Rivas: In El Salvador, as in many Latin American countries, most of the economy is informal. For example, in El Salvador 75% of the economic activity is informal. Those workers don’t pay taxes or any social security. Since they are not formal, the government aid programmes are not reaching them.

I believe the legal industry in Latin America should focus on trying to facilitate a structure to incorporate these people into the formal economy. We have to create an innovative finance vehicle to strengthen small to medium-sized enterprises (SMEs). I think the big winners in the crisis will be those that can come up with solutions that provide support for SMEs. After all, they employ most of the population.

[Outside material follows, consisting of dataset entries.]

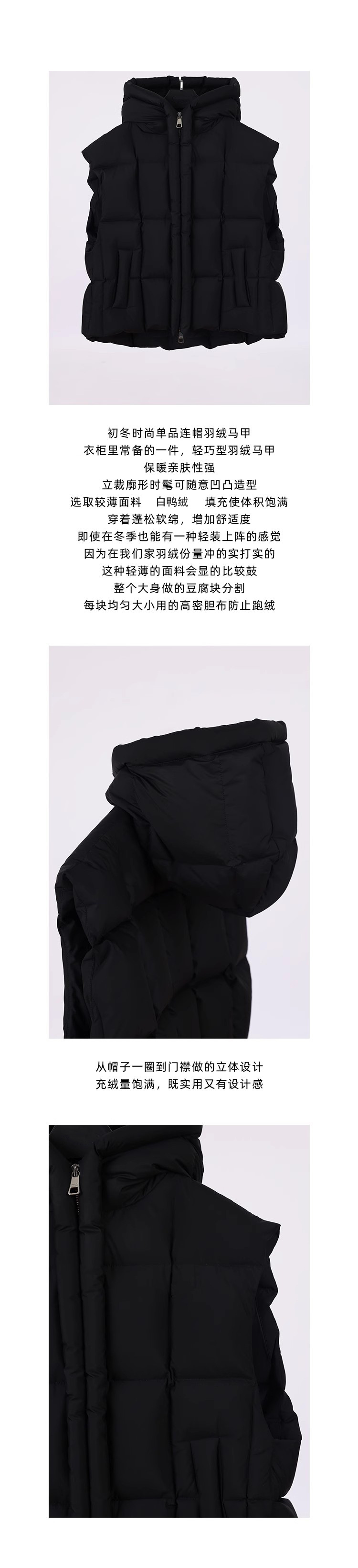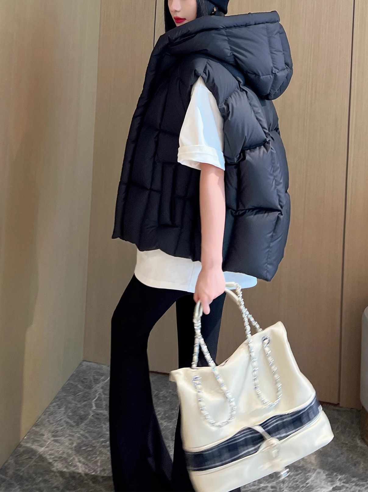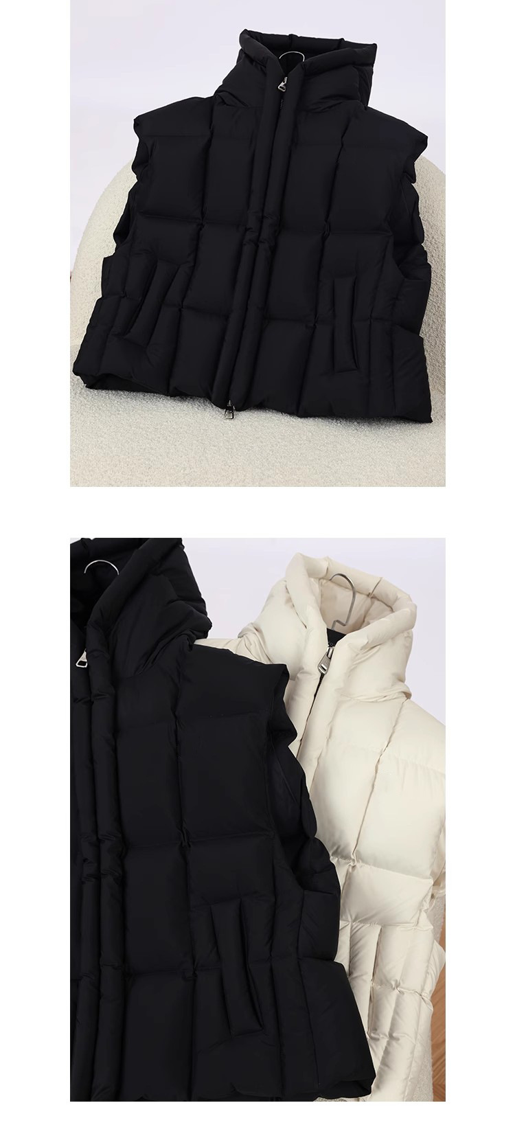 2023 가을 겨울 화이트 덕다운 민소매 다운 조끼 여성용 니치 다운 재킷 경량 따뜻한 후드 디자인스토어 가기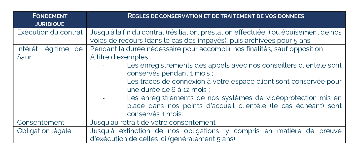 - par courrier : SAUR S.A.S., à l’attention du Délégué à la Protection des Données, 11 chemin de Bretagne 92130 Issy-les-Moulineaux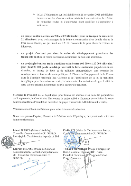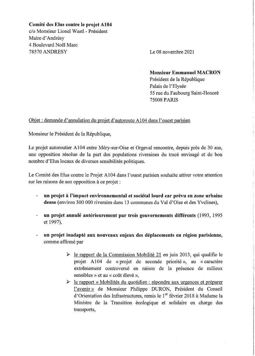 Le comité des élus contre le projet A104 a écrit au Président de la République pour demander l'annulation du projet.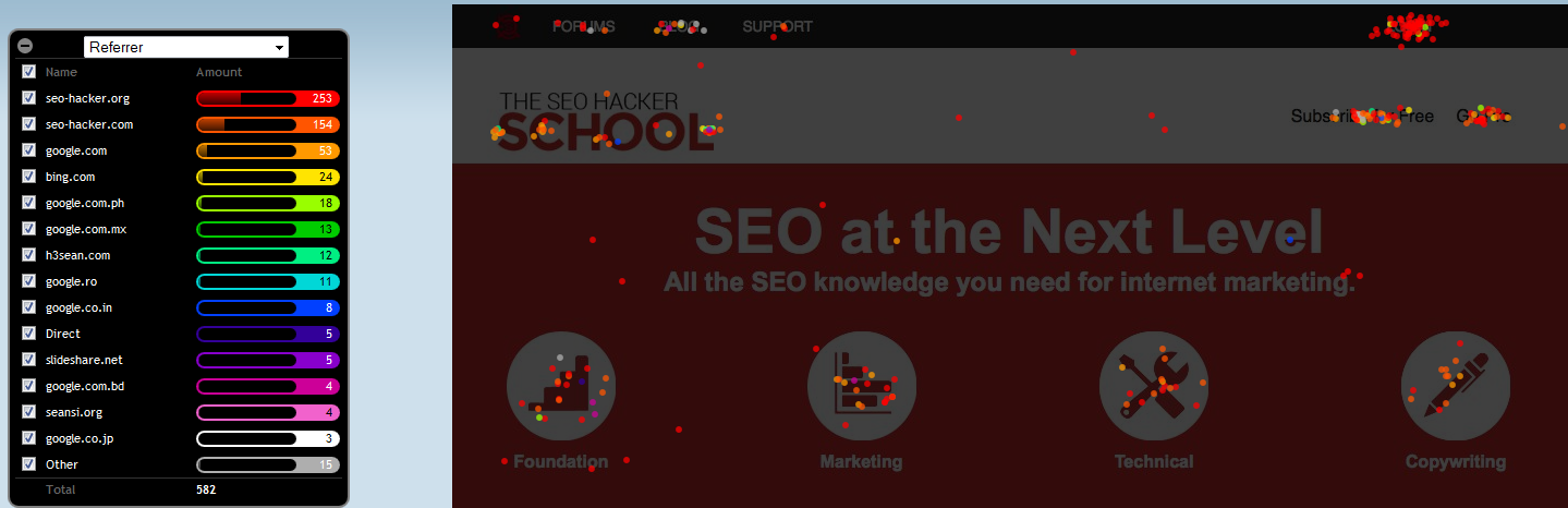 One other thing I love about Crazyegg is their Confetti tool. It tells you where the clicks came from. In this case, there are lots of clicks that came from other parts of our site (seo-hacker.org) and there were clicks that came from the main site (seo-hacker.com). Other than that, search engines and Slideshare seem to refer the rest of our clicks.

LL: Most of Latin Lawyer’s readership want to help. They’re not doctors, and most do not know how to make apps. How can they best apply their expertise?

Rivas: They’re not doctors, they’re not developers, you’re totally right. All these readers have a big capacity to help through economic programmes. They have good connections with, for example, multilateral funds. They should be working on creating new structures for SMEs and poor people.

Imagine a situation where companies are forced to close, and people are left unemployed. I believe that is the big challenge for lawyers, economists, and policymakers. They must work on public policies to help their economies the best they can.

We hope that with this resource we can save some lives. At the end of the day, it’s our responsibility. We are happy that it’s already starting to pay off.